Analyzing bank profile shape of alluvial stable channels using robust optimization and evolutionary ANFIS methods

In natural rivers and artificial channels in addition to the channel dimensions (widening, reduction in slope and depth in the channel banks), formed shape profile in the case that the sediment on the banks with no movement (thresholds state) is of considerable importance for engineers. To determine the bank shape profiles, various theoretical, empirical and statistical relations have been provided based on physical and numerical models by different researchers. In this study, a simple model of adaptive neuro-fuzzy inference systems (ANFIS) is combined with two algorithms of differential evolution (DE) and singular value decomposition value (SVD) and the performance of these models to predict the stable shape profiles of the channels is evaluated and compared.

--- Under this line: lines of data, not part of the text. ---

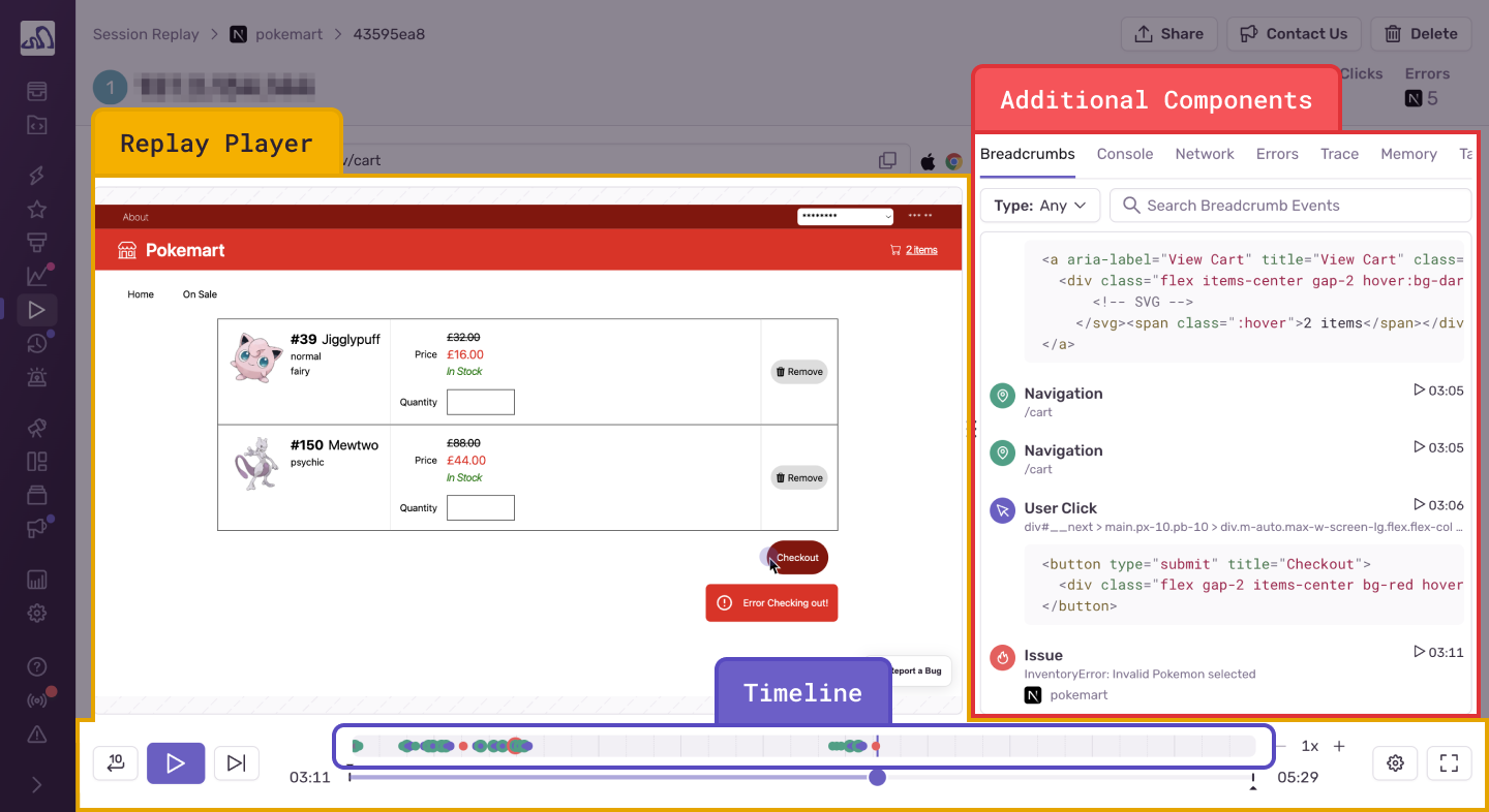 - Breadcrumbs: The replay breadcrumbs show when key user interactions took place, specifically: user clicks (including rage and dead clicks), user inputs, page navigations, page loads, as well as custom breadcrumbs set by the organization and Web Vitals. Web Vitals are augmented with the selector to help users identify which elements are affecting their Web Vital scores. User clicks (including rage and dead clicks), are augmented with surrounding HTML source code to help users understand which event was targeted. These breadcrumbs are synced with the replay player and will auto-scroll as the video plays.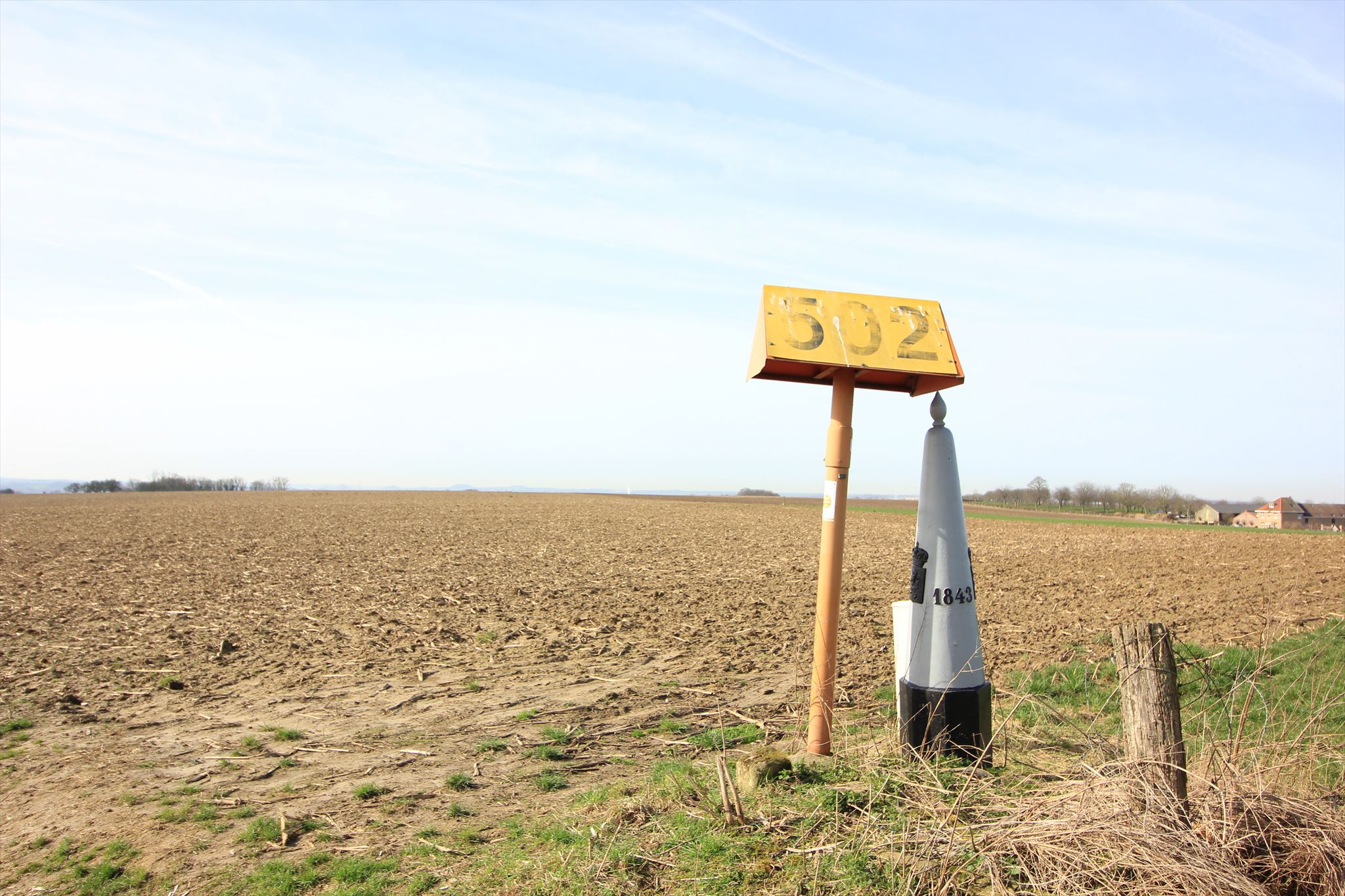 Grenspaal 28 staat midden tussen de akkers van Eijsden-Margraten en de gemeente Voeren. Van hieruit heb je prachtige vergezichten over de Mescherheide richting Maastricht, Luik en het land van Herve.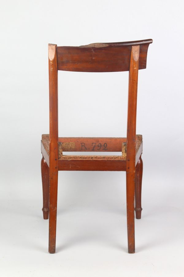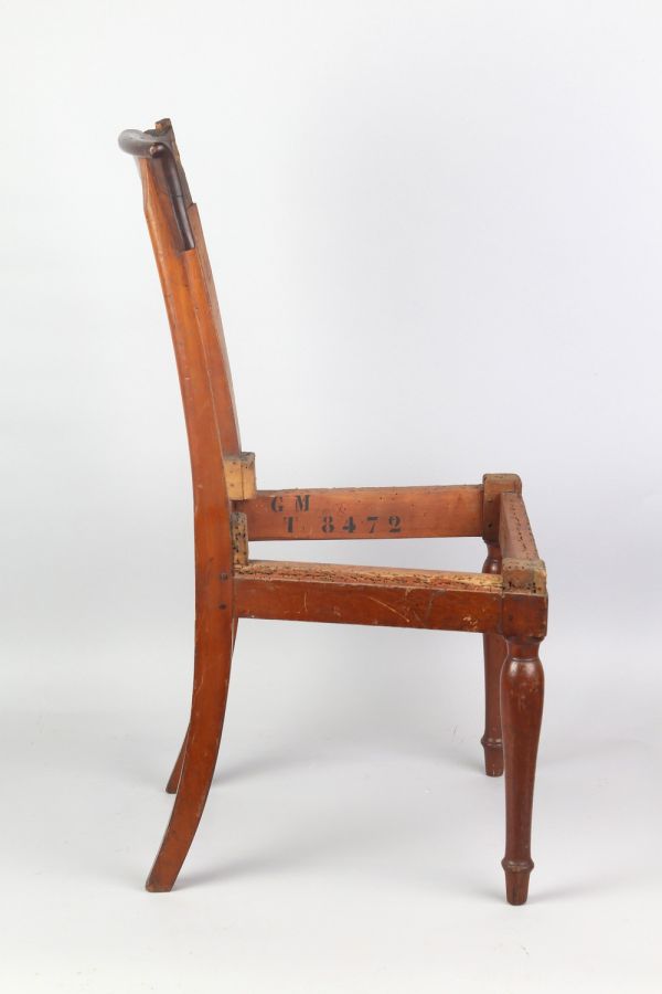 Chaise exécutée par la société « Jacob Frères », association de Georges (II) Jacob (1768-1803) et de son frère, François-Honoré-Georges Jacob (1770-1841), menuisiers-ébénistes, active de 1796 à 1803.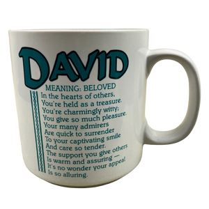 Features the name DAVID printed in a large font at the top of the front side of the mug.  Directly underneath this is a poem about the name DAVID.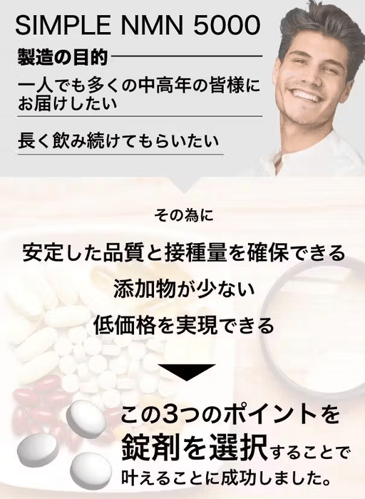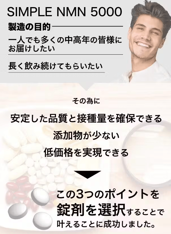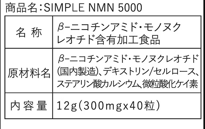 余計な成分は一切入っていません。NMNを錠剤として成立させるために必要な最低限の成分のみで製造しています。

In this paper, the main goal is to assess extensively the effect of hybrid models based on optimized algorithms (ANFIS-DE) and multi-objective evolutionary algorithm (ANFIS-DE/SVD) in improvement of performance of ANFIS and ANFIS-DE models, respectively. Accordingly, the results assessment show that all three ANFIS, ANFIS-DE and ANFIS-DE/SVD models are perfectly able to predict shape profiles in accordance with the observed profiles for the threshold channels. Using optimized and evolutionary algorithms has a positive impact on the performance of simple model of ANFIS. As compared to the simple ANFIS model, ANFIS-DE approximately 10.1% and ANFIS-DE/SVD model 7.2% is improved compared to the ANFIS-DE model. The accuracy of ANFIS-DE/SVD model showed better performance as well about 18.6% compared to the simple ANFIS model. Therefore, it can be said that not only DE optimization algorithms have a significant impact on increasing the performance of a simple ANFIS model but also using evolutionary algorithms (ANFIS-DE/SVD) reduce the ANFIS-DE model error accordingly. Polynomial equations of bank profiles proposed by hybrid ANFIS models in the present study can be used in design and implementation of cross section of stable channels.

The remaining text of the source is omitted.